There is a dimension table like this:
id | column_a | column_b |
---|---|---|
1 | val_a1 | val_b1 |
2 | val_a1 | val_b2 |
3 | val_a2 | val_b2 |
4 | val_a2 | val_b3 |
5 | val_a2 | val_b1 |
I am creating a mapping table to add a new column to the dimension like column_x, here:
column_a | column_b | column_x |
---|---|---|
val_a1 | 'Any-Value' | val_x1 |
val_a2 | val_b2 | val_x2 |
val_a2 | 'not val_b2' | val_x3 |
How to read the mapping table:
This means for all the rows with vol_a1 in column_a and any value in column_b: column_x will have val_x1.

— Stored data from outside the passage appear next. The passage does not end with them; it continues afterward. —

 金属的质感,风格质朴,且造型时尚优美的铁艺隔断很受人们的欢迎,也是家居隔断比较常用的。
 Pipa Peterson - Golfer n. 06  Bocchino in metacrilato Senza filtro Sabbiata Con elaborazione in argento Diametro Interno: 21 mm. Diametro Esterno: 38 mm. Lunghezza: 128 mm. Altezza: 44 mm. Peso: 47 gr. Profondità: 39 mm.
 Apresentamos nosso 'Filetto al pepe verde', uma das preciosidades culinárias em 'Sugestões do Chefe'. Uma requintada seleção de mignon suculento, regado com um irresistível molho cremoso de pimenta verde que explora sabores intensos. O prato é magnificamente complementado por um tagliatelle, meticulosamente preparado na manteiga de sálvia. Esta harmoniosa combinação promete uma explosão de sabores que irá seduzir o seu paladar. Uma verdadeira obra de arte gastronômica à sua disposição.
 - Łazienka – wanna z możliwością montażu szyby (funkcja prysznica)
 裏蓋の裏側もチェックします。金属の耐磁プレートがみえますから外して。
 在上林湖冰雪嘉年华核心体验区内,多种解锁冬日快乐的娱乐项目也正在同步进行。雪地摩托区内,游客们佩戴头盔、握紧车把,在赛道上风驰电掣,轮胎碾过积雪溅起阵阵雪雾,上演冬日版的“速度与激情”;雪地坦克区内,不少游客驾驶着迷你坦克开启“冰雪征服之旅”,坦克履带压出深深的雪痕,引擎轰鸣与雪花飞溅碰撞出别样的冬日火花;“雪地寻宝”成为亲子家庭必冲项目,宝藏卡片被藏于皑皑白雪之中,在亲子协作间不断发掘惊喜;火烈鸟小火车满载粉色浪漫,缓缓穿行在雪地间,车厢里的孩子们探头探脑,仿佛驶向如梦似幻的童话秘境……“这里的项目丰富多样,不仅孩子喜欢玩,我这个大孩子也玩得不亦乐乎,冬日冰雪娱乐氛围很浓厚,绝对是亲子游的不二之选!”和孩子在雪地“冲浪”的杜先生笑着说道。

This means for the rows with vol_a2 in column_a and specifically val_b2 in column_b: column_x will have val_x2.
This means for the rows with vol_a2 in column_a and specifically NOT val_b2 in column_b: column_x will have val_x3.
The output will look like:
id | column_a | column_b | column_x |
---|---|---|---|
1 | val_a1 | val_b1 | val_x1 |
2 | val_a1 | val_b2 | val_x1 |
3 | val_a2 | val_b2 | val_x2 |
4 | val_a2 | val_b3 | val_x3 |
4 | val_a2 | val_b1 | val_x3 |
Can I do it in a single join? I can obviously break it in multiple CTEs and can do it. What would the most optimal way to do it, if the dimension table is big?
I thought to change the mapping table into this and add priorities with the help of IF
conditions in the ON
clause with OR
Conditions:
column_a | column_b | column_x |
---|---|---|
val_a1 | 'Any-Value' | val_x1 |
val_a2 | val_b2 | val_x2 |
val_a2 | 'Any-Value' | val_x3 |
But it's giving me duplicates.
I can use SLQ or python to do this.